I meant to include my response to that “set list,” but I couldn’t find the emoticon for projectile vomiting.
This sonic landfill leads off with “We Built This City”?
Ranked appropriately as the worst rock song of all time: “Purporting to be anti-commercial, it reeks of ’80s corporate-rock commercialism. It’s a real reflection of what practically killed rock music in the ’80s.”
Surprised they left out “The Heart of Rock & Roll” by Loopey Lewis & The News and Eddie Murphy’s “Party All the Time”.
ai-fucking-eee…
Here’s where I have to defend the 80’s from this crime against everything and everyone I hold dear. Well, not really. I mean these songs were either all or mostly from “the 80s”, but I had the same relationship to them as I had to Patrick Swayze movies — they made everything worse, but it was basically an annoyance rather than an epoch-defining cultural moment (’cept that Joan Jett song. She’s the fucking balls).
But to me, and I suspect most of you, the 1980’s were a massively underrated time for music. The Mats, Husker Du, Joy Division/New Order, The Pixies, Dinosaur Jr., Sonic Youth, Public Enemy, Black Flag, Minutemen, Bad Brains, The Smiths, The Cure, etc. Your milage may vary, of course, and there are tons of bands I’m not thinking about or listing at the moment. To think that London Calling came out around the time of those Journey songs should put it in a better perspective.
You could have grown up and existed in a happy (well, slightly angsty and rebellious) alternate universe from this broadway shit, which was even at the time thought of, and known, as broadway-style bullshit.
What I really dread actually, is that Broadway decides to take on CBGB: The Musical.

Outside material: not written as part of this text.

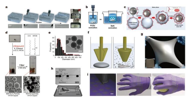 使用超聲和剪切等自上而下的方法將液態金屬從一個大的液滴分割成許多微米級或納米級的液滴,并保證其粒度分布相對均勻。氧化層或其他人工形成的表面修飾將暫時阻止液滴的重新結合??衫祀娮釉O備的圖案可以通過排列這些液滴來繪制,這相當于通過減小粒徑以增加比表面積(增加氧化層比例)進而降低表面張力。
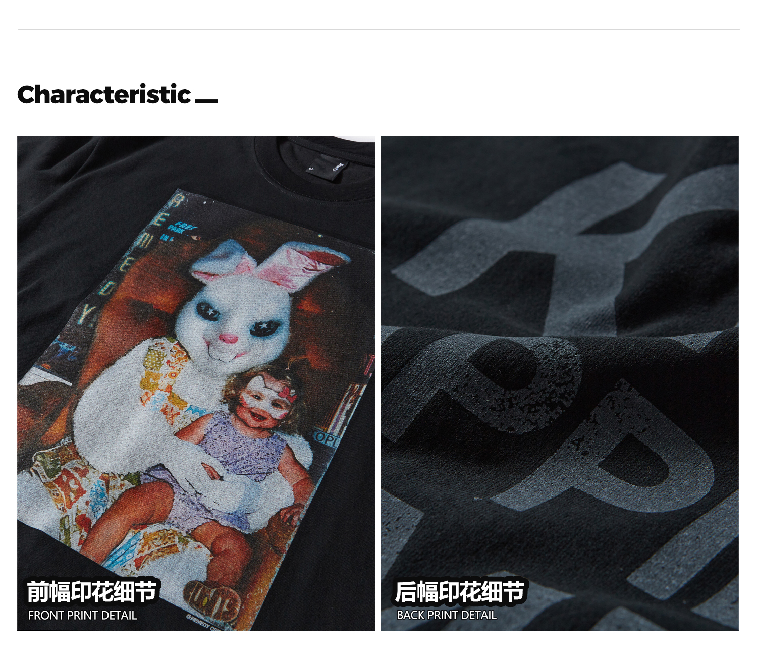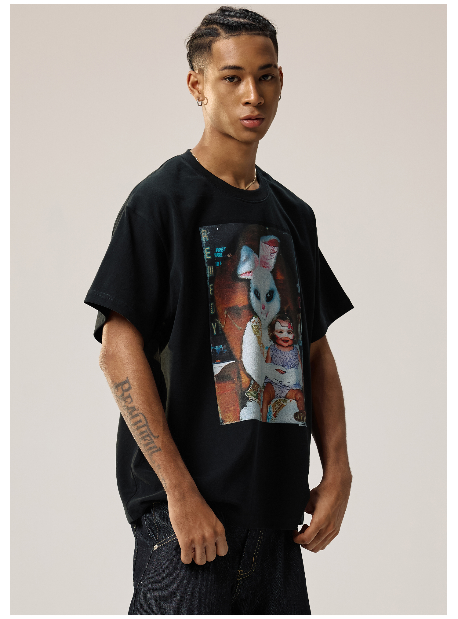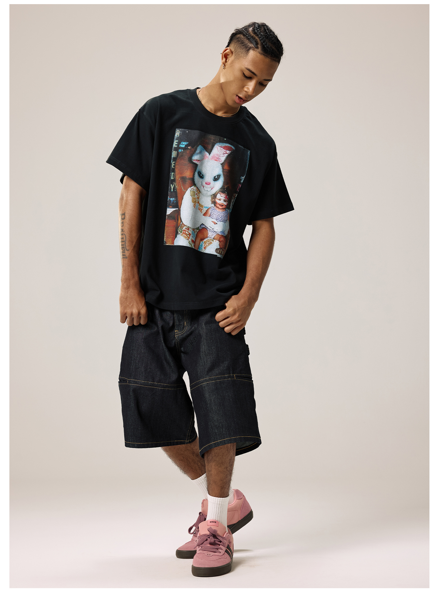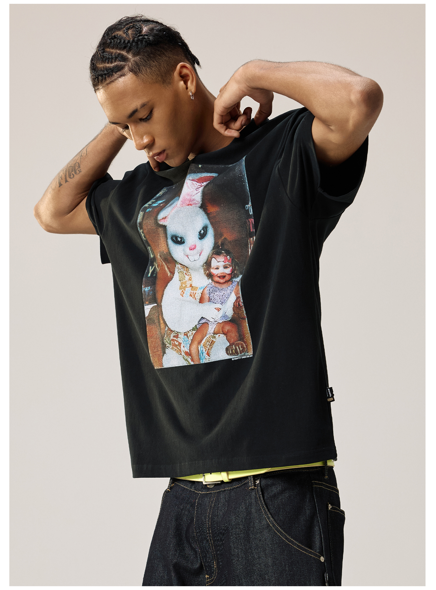 Remedy Tide Brand Rabbit Print Crew Neck Loose Short Tee

Maybe they should upgrade the lead – Clay Aiken!
sorry. should’ve issued a barf alert…
I saw “Eric Clapton is dead” and thought OH SWEET JESUS. Don’t do that.
Chris Daughtry can play the dad, Taylor Hicks can play the gay uncle.
Grace Slick can play crazy great-aunt Wanda, Tommy Shaw can play her tetched-in-the-head boarder Gus, and Dennis DeYoung can play Rev. Wiener, the strange Episcopal priest at St. Dominatrix parish.
And BonJovi can play Spud, the bartender.
Now that you mentioned Chris Daughtry, I just want to chime in and wish Scott Stapp a hearty FUCK YOU!
Merry Christmas!
This tripe exists solely to extract money from tourists bused in for that explict purpose. In might be playing on Broadway, but it is most certainly not of Broadway.